A Case Study of Integration of Services and Resources on a Web Service

July 17, 2013, 15:30 | Centennial Room, Nebraska Union

The SAT Daizōkyō text database committee has released a new version of its integrated Web service that has been offering a series of Buddhist scriptures [1] since June 2012 in order to provide more convenient and powerful digital resources for the field of Buddhist studies. Since August, the number of accesses is over 200,000 per month on an average (not counting accesses by Googlebot and several other automated indexerss). In this paper, we will describe the integration of various services and resources in this Web service.

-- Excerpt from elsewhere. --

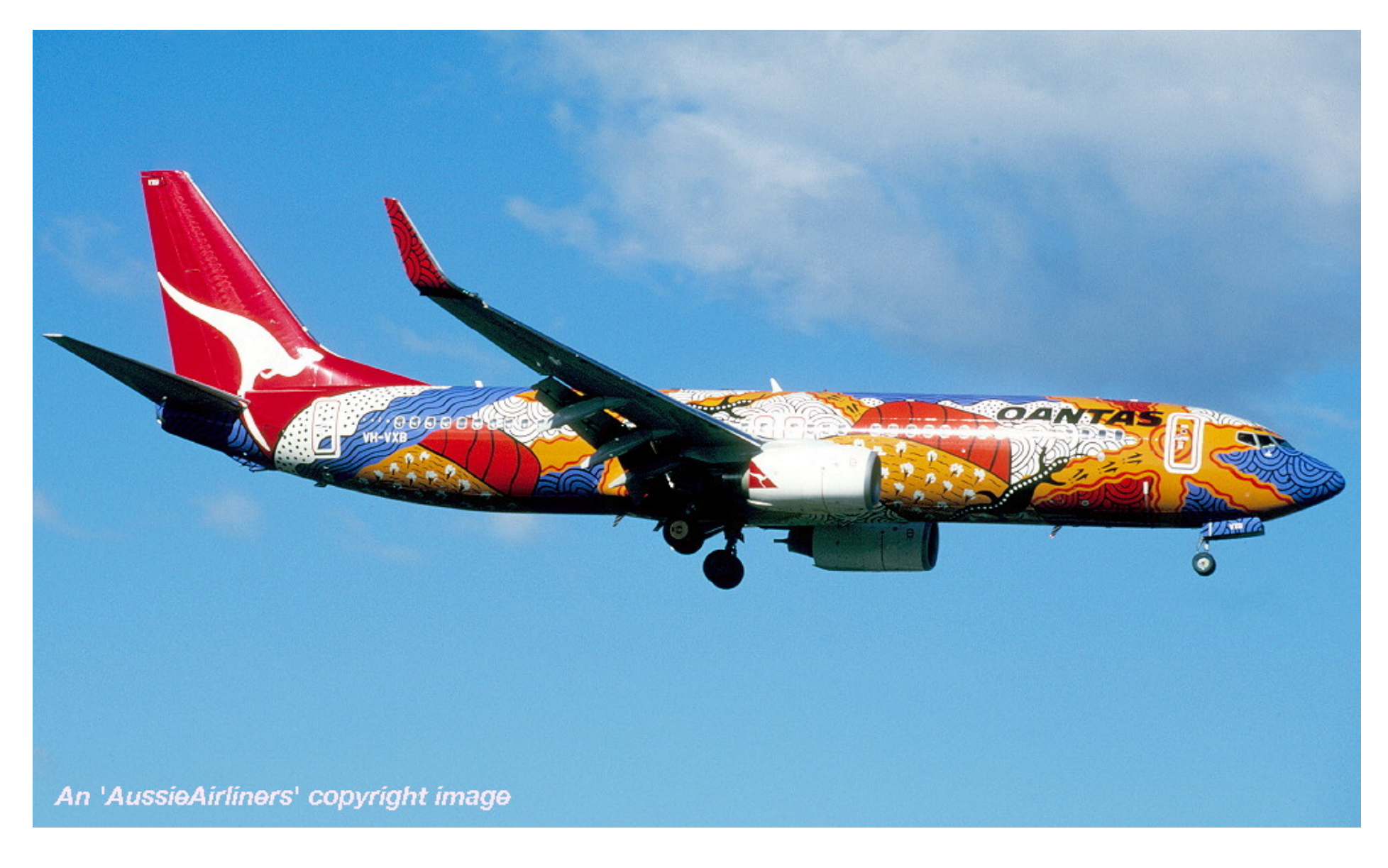
VH-VXB 'Yananyi Dreaming' in the aboriginal livery at Sydney Kingsford Smith Airport, July 2002.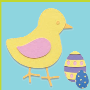
Horniman Easter Fair

First of all, we will explain the function of retrieving and displaying of English translations which has been published as a series of Buddhist scriptures rendered into English by the Bukkyō Dendō Kyō kai (BDK) [2] . This function is an implementation of a result that was produced by 18 young researchers using a web collaboration system described in Nagasaki (2011). The collaboration system allows users to easily link a fragment of a text to another fragment of a resource. As a result, a parallel corpus including over 29,000 pairs of English and classical Chinese Buddhist texts has been published on the web service so that users can easily check the English translation of words or phrases in various contexts by dragging a sequence of the text. Moreover, the parallel texts can be shown on the text which was translated sentence-by-sentence. Thus, not only is the English translation provided, but also an interpretation is given for each division of the classical Chinese texts that are not clearly separated by any kind of punctuation. It also continues to provide the function of retrieving terms contained in the Digital Dictionary of Buddhism (DDB) [3] including over 58,000 entries so that users can easily look up the English renderings of terms. We also continue to provide the function of translating an English term into a Chinese term in the input form of keyword search of the whole text, whereby users can search the Chinese text by using an English term.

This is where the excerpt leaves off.